The Golden Decade
Photography at the California School of Fine Arts 1945-55
After World War II the California School of Fine Arts (CSFA) in San Francisco hired renowned photographer Ansel Adams to establish one of the first fine art photography departments in the United States. The caliber of teachers and guest instructors assembled there under the new directorship of Douglas McAgy was unmatched, and the school was one of the most avant-garde art schools of its time. On hand were photographers Adams and Minor White, along with Edward Weston, Dorothea Lange, Imogen Cunningham, Lisette Model, Nancy and Beaumont Newhall, and Homer Page.
Three former students of Adams and White—William Heick, Ira H. Latour and C. Cameron Macauley, later known as the “Three Musketeers”—began planning a book that would focus on CSFA’s photography department, covering the years between 1945 and 1955, the period known as “The Golden Decade.” It was a lucky coincidence when Ken Ball and his wife Victoria Whyte Ball (whose father, Don Whyte, had bequeathed them an abundance of negatives and contact prints from his student years at CSFA) joined them. Together this team has embarked on an important journey into photography’s past that is embodied in this book.

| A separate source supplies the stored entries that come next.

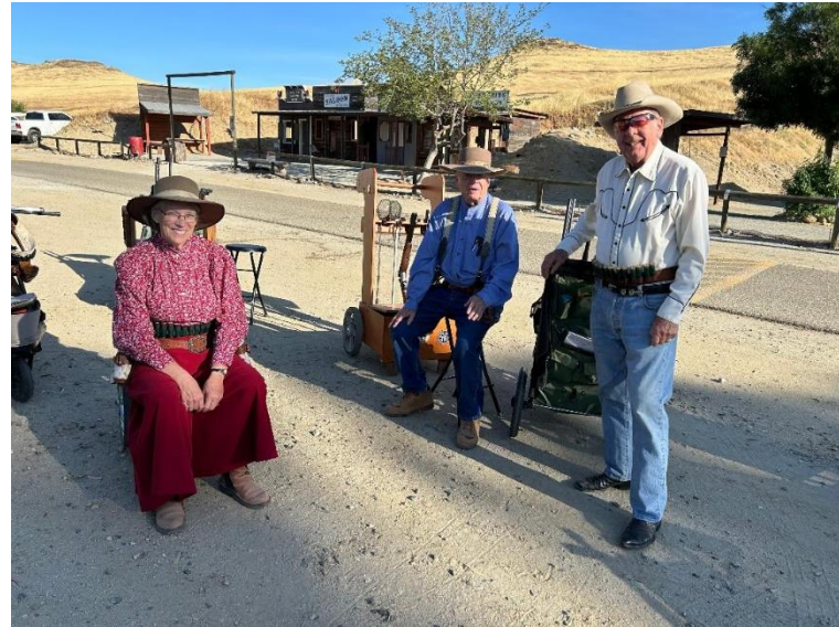
Just waitin' for the fun to start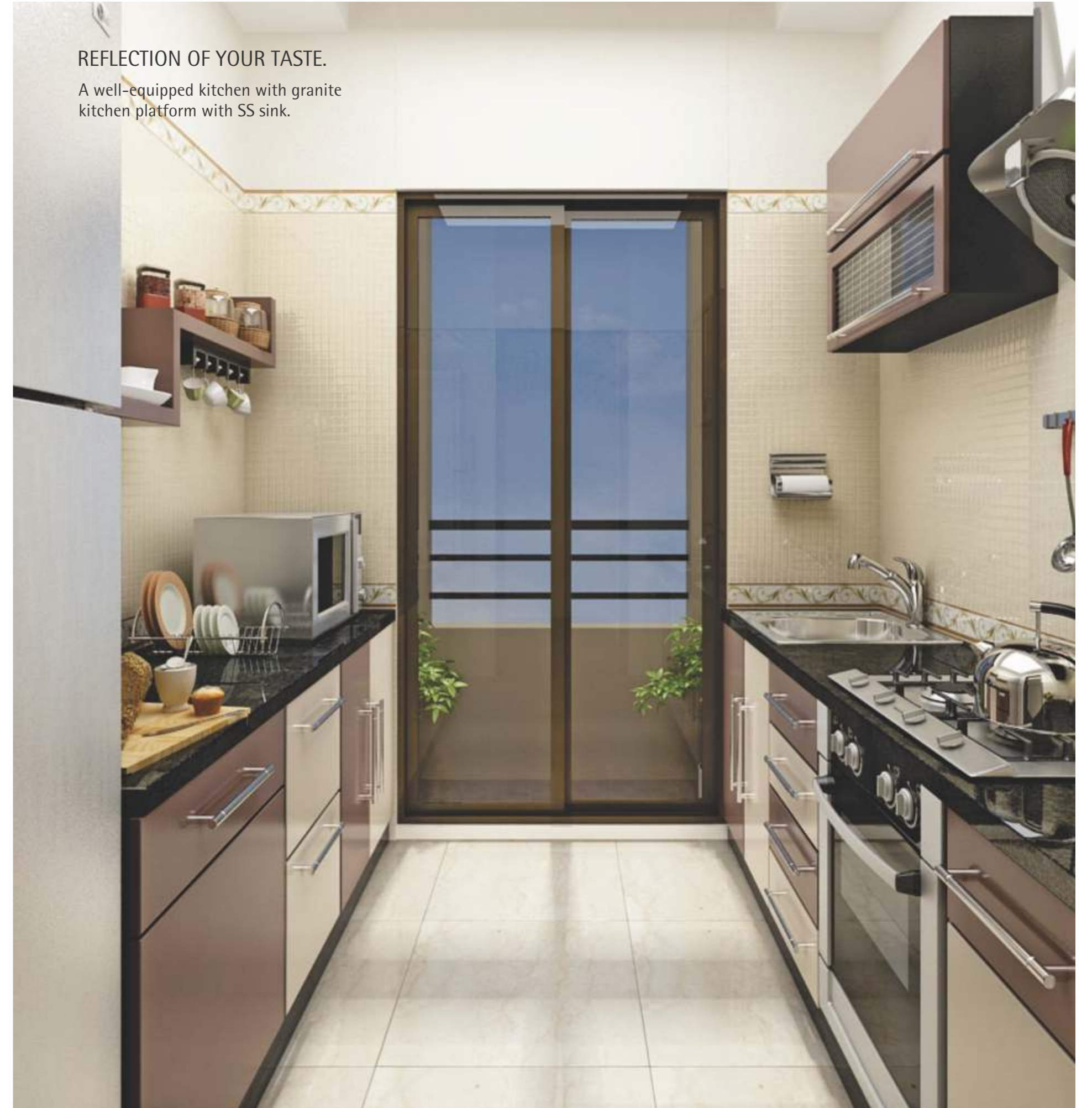
REFLECTION OF YOUR TASTE. A well-equipped kitchen with granite kitchen platform with SS sink.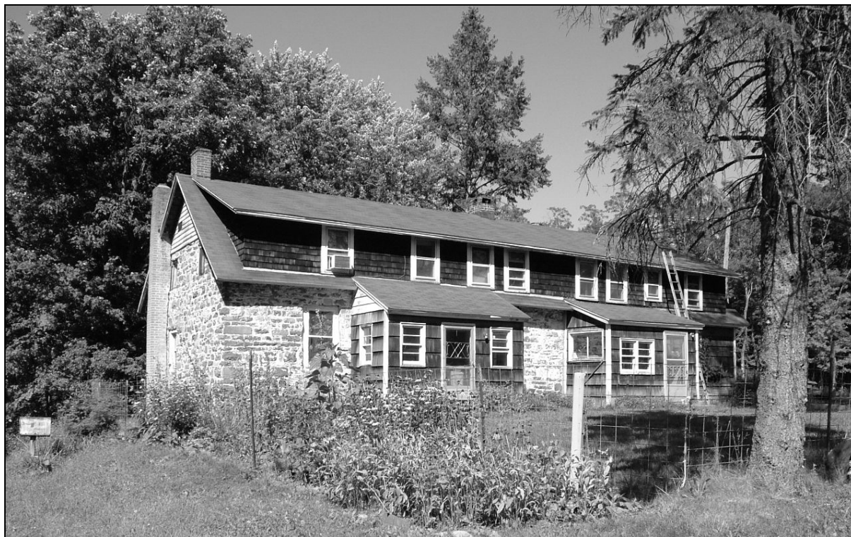
View of the house located on the east side of Old Kingston Road, from the southwest.

Elias Ean Farm 294 Old Kingston Road New Paltz, Ulster County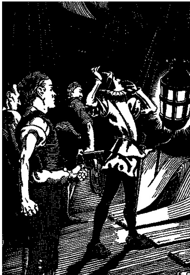
"GENTLEMEN, WHENCE DOES THIS FLEET COME?"—PAGE 204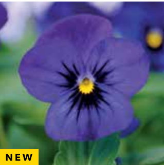
Sorbet XP Blue Blotch Improved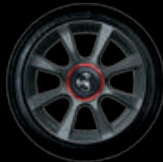
16" 8 SPOKES

• as standard ○ optional - not available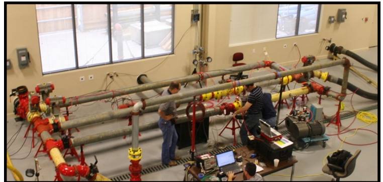
Flow loop can be rapidly reconfigured to simulate in-plant piping configurations

Operational verification through innovative mechanical and flow loop testing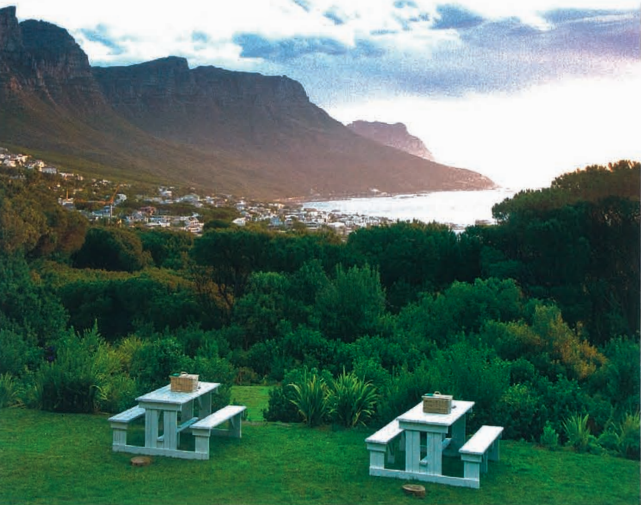
A view of Camps Bay and the Twelve Apostles mountains from the terrace at the Roundhouse Restaurant.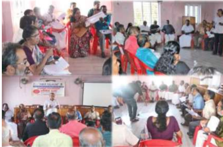
Fig: Various consultation meetings at ward levels

pregnant women, houses with women as earning members, care home inmates, migrant workers and elderly persons living alone etc.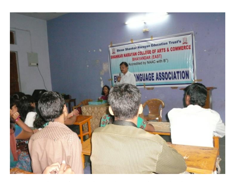
Inauguration of English Literary Association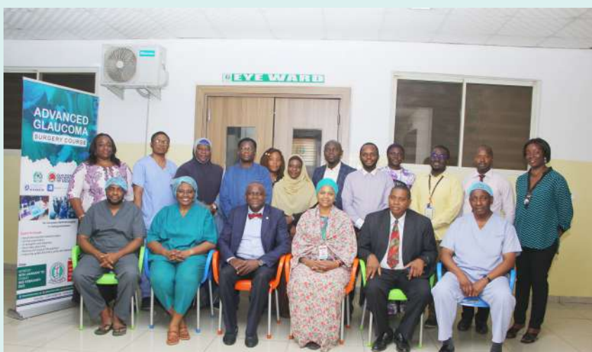
CMD and CMAC in Group Photograph with Course Participants and Facilitators

William Heick (1916-2012) was a photographer and documentary filmmaker. His works are, among others, in the permanent collections of the Museums of Modern Art in New York and San Francisco ... Ira H. Latour, born 1919, is a photographer and filmmaker. His work is owned by major collections like the MoMA, the Victoria & Albert Museum ... C. Cameron Macauley (1923-2007) was a photographer and documentary filmmaker. Paramount was his engagement with the U. S. Department of Justice to appraise and appear as expert witness for the case of the famous Zapruder eyewitness film of the assassination of President John F. Kennedy.